Message ID: 938     Entry time: 15 Nov 2013
Author: Konstantin Olchanski 
Topic: Bug Report 
Subject: stuck data buffers 
We have seen several times a problem with stuck data buffers. The symptoms are very confusing - 
frontends cannot start, instead hang forever in a state very hard to kill. Also "mdump -s -d -z 
BUF03" for the affected data buffers is stuck.

We have identified the source of this problem - the semaphore for the buffer is locked and nobody 
will ever unlock it - MIDAS relies on a feature of SYSV semaphores where they are automatically 
unlocked by the OS and cannot ever be stuck ever. (see man semop, SEM_UNDO function).

I think this SEM_UNDO function is broken in recent Linux kernels and sometimes the semaphore 
remains locked after the process that locked it has died. MIDAS is not programmed to deal with this 
situation and the stuck semaphore has to be cleared manually.

Here, "BUF3" is used as example, but we have seen "SYSTEM" and ODB with stuck semaphores, too.

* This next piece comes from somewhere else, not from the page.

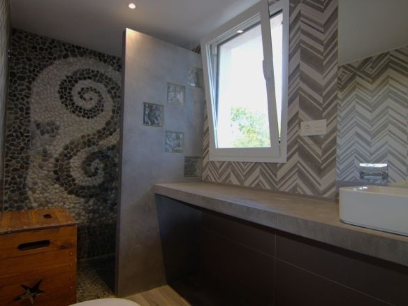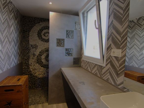Spacious, modern bathroom with walk-in shower. On the upper floor: Two double bedrooms to be finished. Toilet with downspouts…
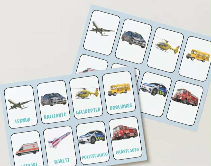Realistlike piltidega kaardid, mida saab kasutada nii mänguks kui õppetegevuseks.Kokku 7 lh.

a) confirm that we are using SYSV semaphores: "ipcs" should show many semaphores
b) identify the stuck semaphore: "strace mdump -s -d -z BUF03".
c) here will be a large printout, but ultimately you will see repeated entries of 
"semtimedop(9633800, {{0, -1, SEM_UNDO}}, 1, {1, 0}^C <unfinished ...>"
d) erase the stuck semaphore "ipcrm -s 9633800", where the number comes from semtimedop() in 
the strace output.
e) try again: "mdump -s -d -z BUF03" should work now.

Ultimately, I think we should switch to POSIX semaphores - they are easier to manage (the strace 
and ipcrm dance becomes "rm /dev/shm/deap_BUF03.sem" - but they do not have the SEM_UNDO 
function, so detection of locked and stuck semaphores will have to be done by MIDAS. (Unless we 
can find some library of semaphore functions that already provides such advanced functionality).